Human Factors of a DR Test


April 29, 2015 by Mike Hillwig

I’m going to go out on a limb and assume that everyone does a regular disaster recovery test. You DO have a disaster recovery plan, don’t you? What happens if a comet hits your data center? Or a terrorist attack. Or the power grid goes offline and you run out of fuel for the generators. How do you recover that? If you don’t, you have some catching up to do.

One of the phrases that dovetails nicely into disaster recovery is business continuity. As technology people, we tend to think about how we get the systems back online in case of a failure. But what about the business itself?

The company I work for is owned by a bank, so we don’t talk about disaster recovery and business continuity as individual constructs. We talk about disaster recovery and business continuity as a single entity. And our parent company takes it very seriously. A couple of years ago, we had hundreds of employees in New York and New Jersey who were impacted by Hurricane Sandy. Basically, all of our people based in and around New York City were out of commission. Our clients never knew it. Do you know why? It’s because we had business continuity plans. The two primary data centers  weren’t impacted because they’re in the midwest. But our people were. By leveraging our people in western Pennsylvania as well as a multitude of offshore resources, the only thing clients saw was that different team members were responding to their service requests as different times of the day. Tedious planning really paid off.
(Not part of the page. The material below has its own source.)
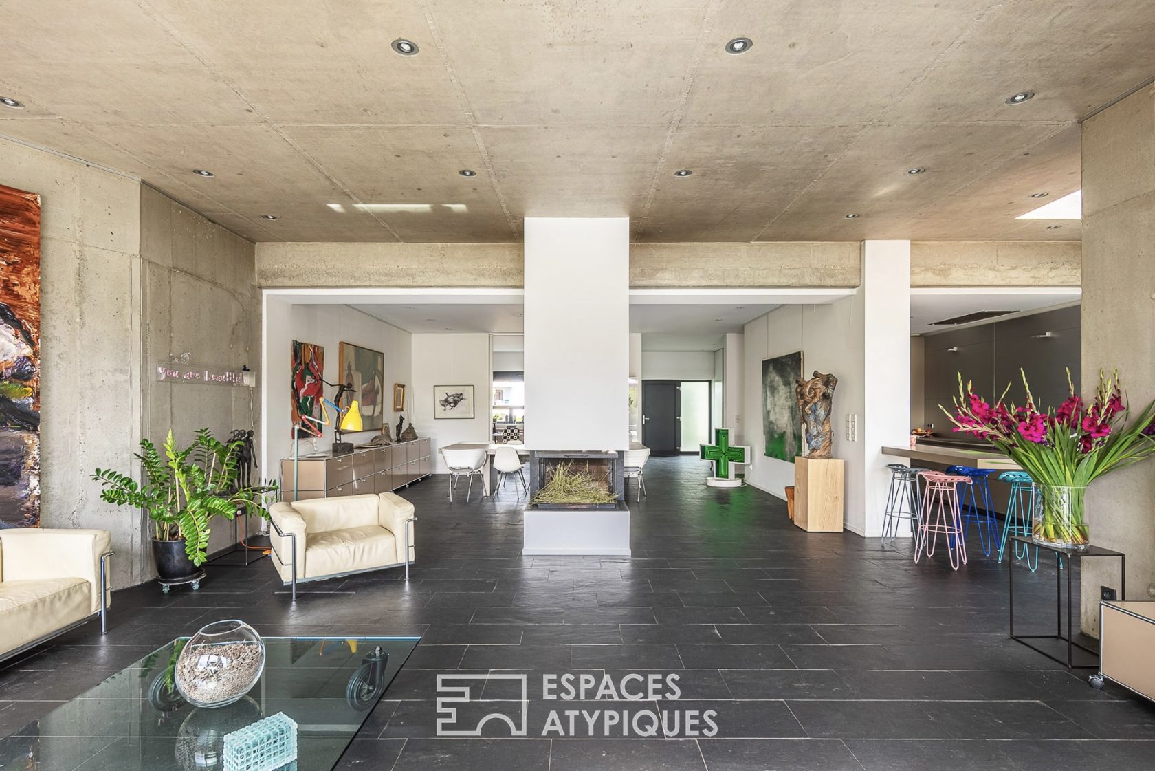 From the moment you enter, the tone is set and concrete in all its forms reigns supreme. A spacious living room of almost 100 m² with a high ceiling of over 3 metres. The day room is adorned with a triple fireplace as well as large bay windows that bathe the space in an abundance of light. The latter give way to an unobstructed view of the wooded grounds and its swimming pool. A semi-open Bulthaup kitchen adjoins the living room. An office with large sliding doors and a laundry room that can be used as an additional shower room complete this level.

Every year, we do our regular “India out” exercise. This is in addition to regular technology DR tests. We simulate a situation where all of our offshore teams become unavailable. And we do this with our US-based teams filling in the gaps. It demonstrates to our auditors, our clients, and to ourselves, that we’re ready in case a crisis would hit. About a year ago, we had to implement those contingencies during a period of civil unrest that threatened to shut down our offices just outside of Mumbai. These “India out” exercises are what I refer to as a “scheduled bad day.” They really suck. Parts of our US teams work hours where we should be sleeping. It always confuses clients when they see me answering an email at 4AM. When I explain that we’re doing a business continuity test, they always appreciate it.

What gets me is when we do a disaster recovery and business continuity test at the same time. Occasionally during a DR test, they’ll throw us for a loop by saying we can’t use offshore resources. Or they’ll occasionally say that we can only use offshore resources. Or people in a given facility should be assumed offline. The worst is when they tell us that certain tools, such as our ITSM, email, or IM tools are unavailable during the test.

We train for crazy things. They’re inconvenient. There are always lessons learned. We hope they are things we never have to do in an actual disaster. But then again, nobody thought Hurricane Sandy would happen, either.